In many ecosystems, the base, or foundation, of the food chain consists of photosynthetic organisms (plants or phytoplankton), which are called producers . The organisms that consume the producers are herbivores: the primary consumers . Secondary consumers are usually carnivores that eat the primary consumers. Tertiary consumers are carnivores that eat other carnivores. Higher-level consumers feed on the next lower trophic levels, and so on, up to the organisms at the top of the food chain: the apex consumers . In the Lake Ontario food chain, shown in [link] , the Chinook salmon is the apex consumer at the top of this food chain.

 In this illustration, the bottom trophic level is green algae, which is the primary producer. The primary consumers are mollusks, or snails. The secondary consumers are small fish called slimy sculpin. The tertiary and apex consumer is Chinook salmon.
These are the trophic levels of a food chain in Lake Ontario at the United States–Canada border. Energy and nutrients flow from photosynthetic green algae at the base to the top of the food chain: the Chinook salmon. (credit: modification of work by National Oceanic and Atmospheric Administration/NOAA)

One major factor that limits the number of steps in a food chain is energy. Energy is lost at each trophic level and between trophic levels as heat and in the transfer to decomposers ( [link] ). Thus, after a limited number of trophic energy transfers, the amount of energy remaining in the food chain may not be great enough to support viable populations at yet a higher trophic level.

 Graph shows energy content in different trophic levels. The energy content of producers is over 20,000 kilocalories per meter squared per year. The energy content of primary consumers is much smaller, about 4,000 kcal/m 2/year. The energy content of secondary consumers is 100 kcal/m2/year, and the energy content of tertiary consumers is only 1 kcal/m2/year
The relative energy in trophic levels in a Silver Springs, Florida, ecosystem is shown. Each trophic level has less energy available, and usually, but not always, supports a smaller mass of organisms at the next level.

There is a one problem when using food chains to describe most ecosystems. Even when all organisms are grouped into appropriate trophic levels, some of these organisms can feed on more than one trophic level; likewise, some of these organisms can also be fed on from multiple trophic levels.
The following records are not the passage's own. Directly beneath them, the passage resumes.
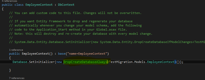So here I am explaining each and every database initializer and how we can use them in our project.
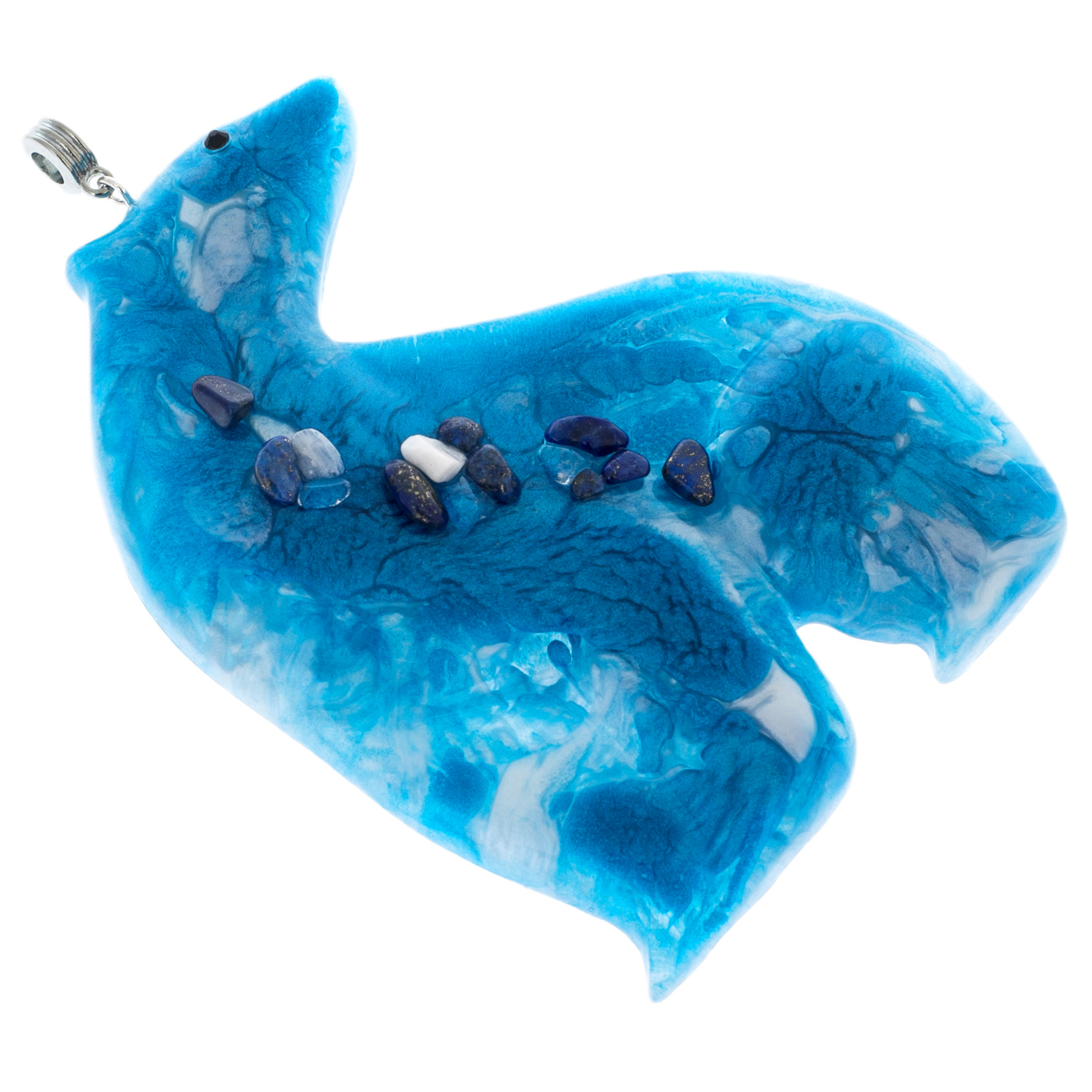 Фигурка медведя из ювелирной смолы с содалитом — это воплощение утонченности и природной силы. Голубой оттенок, напоминающий ледяные арктические просторы, символизирует силу и мудрость, которые неуклонно следуют за могучим хищником. Его образ кажется сотканным из самой природы, а вкрапления драгоценных минералов, таких как содалит, добавляют изысканности и уникальности каждой детали. В этой игрушке нет ничего случайного: каждый элемент тщательно подобран, чтобы передать красоту и энергию природных стихий.
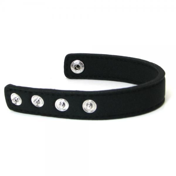 The Neoprene Snap Cock Ring from Perfect Fit. This adjustable cock ring is made of stitched and lined neoprene for ultimate comfort. It features safety snaps so you are not exposed to sharp edges. Also it stretches for that perfect fit every time. From the biggest to the smallest of the 4 snaps. The following measurements are the inner diameter: 2.25 inches, 2 inches, 1.75 inches, 1.5 inches. Full length is 8 inches.
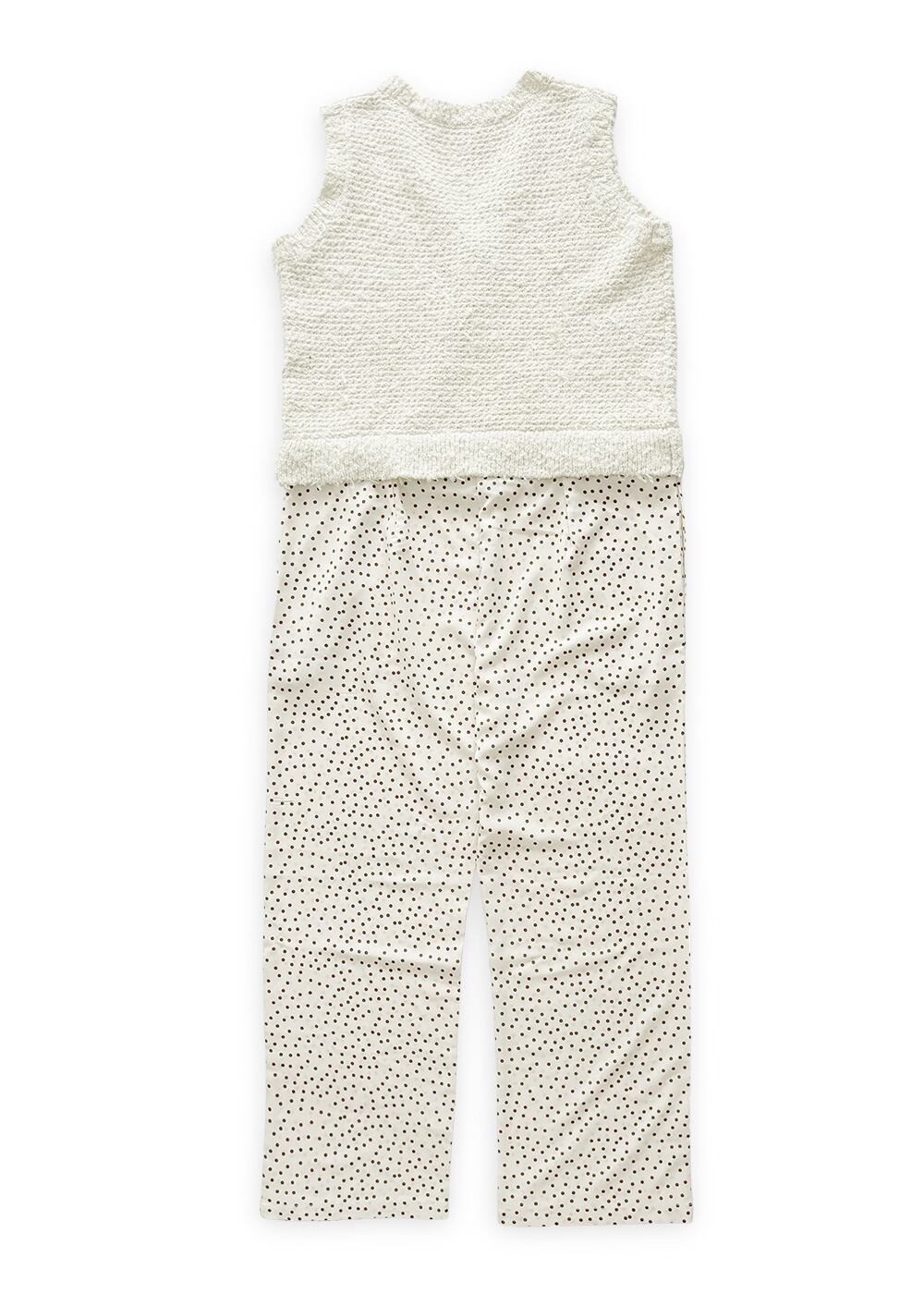 ニットのツィーディーな表情と、リラックス感のあるドローストリングパンツが一体になったオールインワン。

In addition, species feed on and are eaten by more than one species. In other words, the linear model of ecosystems, the food chain, is a hypothetical, overly simplistic representation of ecosystem structure. A holistic model—which includes all the interactions between different species and their complex interconnected relationships with each other and with the environment—is a more accurate and descriptive model for ecosystems. A food web    is a concept that accounts for the multiple trophic (feeding) interactions between each species and the many species it may feed on, or that feed on it. The matter and energy movements of virtually all ecosystems are more accurately described by food webs ( [link] ).